The patient denied any history of chest pain. On auscultation, non-ejective clicks could be heard in the middle and late stage of apex contraction, which was considered to be caused by the chordae that was suddenly tightened or the prolapse of the leaflets suddenly stopped. It was consistent with the performance of valve prolapse. ECG examination revealed that P wave: (-), QRS group: V1 lead was rsR’ type, other lead ends were blunt, QRS total time limit > 0.11 s, ST segment: V1 - V3 lead down (secondary change), T wave: V1 - V3 lead inverted (secondary change), indicating ST segment changed and conduction blocked. Cardiac color Doppler ultrasonography showed aortic sinus and ascending aorta widened, left heart enlargement, left ventricular wall thickening, mitral valve posterior valve prolapse (the apex of the posterior flap P2-P3 region was “fishhook” took off to the left atrium, opened well) and slightly closed incomplete, left ventricular diastolic dysfunction. According to this, it could be diagnosed as valve prolapse.

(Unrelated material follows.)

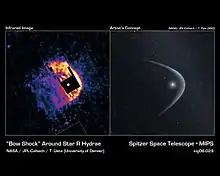 By 2012, it was determined the Sun has no bow shock.[5] Before then, it was hypothesized that the Sun had a bow shock produced in its travels within the interstellar medium (see image). The shock is named from its resemblance to the wake left by a ship's bow and is formed for similar reasons, though of plasma instead of water. Bow shocks will occur if the interstellar medium is moving supersonically "toward" the sun, since its solar wind moves "away" from the sun supersonically. When the interstellar wind hits the heliosphere it slows and creates a region of turbulence. NASA's Robert Nemiroff and Jerry Bonnell believed the solar bow shock occurred at about 230 AU[13]
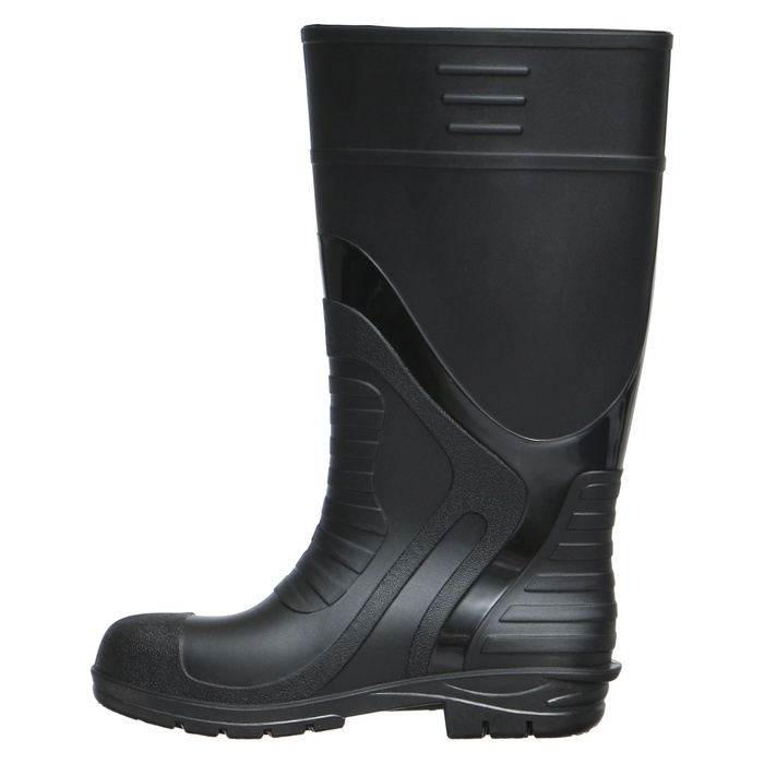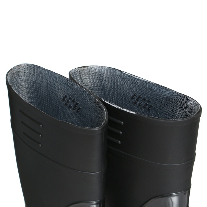 Сапоги специальные, рабочие, унисекс, изготовлены из ПВХ и предназначены для защиты ног от промокания и загрязнений. Выполнены по технологии двухкомпонентного литья методом горячего формования, внутри — тканевое покрытие. Протектор подошвы обладает противоскользящими свойствами. Сапоги удобны и практичны. Нижний температурный предел — -5ͦ. Имеется манжета (надставка) из водоотталкивающей ткани с фиксатором. Высота сапога 42 см. Сапоги изготавливаются с использованием цветных текстильных чулок.

The patient walked unsteadily, used a cane with one hand for a long time, and the center of gravity was tilted to the right. The CT examination of the lumbar coronal position showed that the lumbar vertebra 3 was slightly shifted to the right. According to Meyerding method, it accorded with degree I (slippage < 25%). Lumbar sagittal MRI showed: L3 mild posterior slippage, and disc herniation, dural sac was compressed and deformed, nerve root was slightly compressed, chondritis occurred at the opposite edge of the L4-S1 vertebral body. However, there was no direct relationship between lumbar spine lesion and walking instability (Fig. 2).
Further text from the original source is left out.